Çanakkale’ye baktığımızda, 1930’lı yıllardan bu yana takip edilebilen yıllık ortalama sıcaklıklarda, yıllık ortalama minimum sıcaklıkların yükselmesi nedeniyle 1,5 °C’lik bir artış gerçekleşmiştir. İklimsel değişim nedeniyle Çanakkale yeterince “soğuyamamaktadır”. Bu değişimin sonucunun en önemli etkisi kar yağışlarının azalmasıdır. Kar yağışlarının azalması demek, yaz boyunca barajlarımızı besleyen yüzey su kaynaklarından mahrum kalmamız demektir. İnsanca yaşamak için gerekli olan faaliyetlerde su yönetimini, bir damla israf etmeyecek şekilde düzenlememiz gerekmektedir. Bu anlamda Çanakkale’mizin, yaşamımızı sürdürülebilmek için gerekli elzem faaliyetler dışında kullanılabilecek bir damla fazladan suyu yoktur. Bu nedenle tonlarca suyu gereksiz olarak kullanacak olan metalik madencilik faaliyetleri Çanakkale için önemli bir tehdittir. Termik santraller ve metalik madencilik faaliyetleri yalnızca yaşamımızı sürdürebilmek için elzem olan suyumuzu kullanmakla kalmıyor, çevreyi kirleterek, ormansızlaştırarak yağışların da azalmasına ya da düzensizleşmesine neden oluyor.

Çanakkale, ne yazık ki ormanlarımızı koruması gereken bir kurum olan Orman Bölge Müdürlüğü eliyle ormansızlaştırılmaktadır. Bilindiği gibi sağlıklı yaşam hakkımızın elimizden alınması anlamına gelen Kirazlı Altın ve Gümüş Madeni Ocağı Projesinde hazırlanan ÇED raporunun iptal edilmesi için dava açılmış, dava Çanakkale İdare Mahkemesi’nce reddedilmiştir. Temyiz edilen Çanakkale İdare Mahkemesinin kararı Danıştay tarafından bozulmuştur. Tüm bunlar yaşanırken söz konusu altın şirketinin başvurusu üzerine Çanakkale Orman Bölge Müdürlüğü ruhsat alanını ağaçlardan “temizlemeye” başlamıştır. Gayri sıhhi işletme ruhsatı olmamasına rağmen söz konusu işletme alanı içinde ağaç katliamı yapılmaktadır. Orman Bölge Müdürlüğü bunu hiçbir mevzuat ile açıklayamaz. Çanakkale Orman Bölge Müdürlüğü işletme ruhsatı dahi olmayan bir şirketin hukuksuz talebini yerine getirmek için neden çırpınmaktadır? Burada kamuoyundan gizlenen gerçekler nelerdir? Burada kimlere fayda sağlanmaya çalışılmaktadır?
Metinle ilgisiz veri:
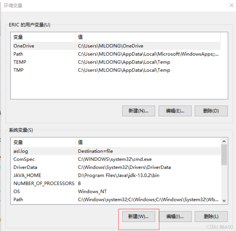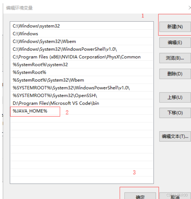 6.点击编辑,输入先前新建的变量名,即输入“%JAVA_HOME%”,点击确定

Şu anda bölgede, binlerce hayvan ve bitki türünün habitatı olan 6000 dekar orman alanındaki ağaçlar, Çanakkale Orman Bölge Müdürlüğü eliyle kesilerek ormansızlaştırılmıştır. Çanakkale halkını, bitkimizi, hayvanımızı, insanımızı susuz bırakacak olan Kirazlı altın madeni ile ekosistemin bozularak hem hayvan ve bitkilerin yok olmasına ve iklimin değişmesine neden olacak olan orman katliamı karşısında duyarlı olmaya çağırıyoruz” dedi.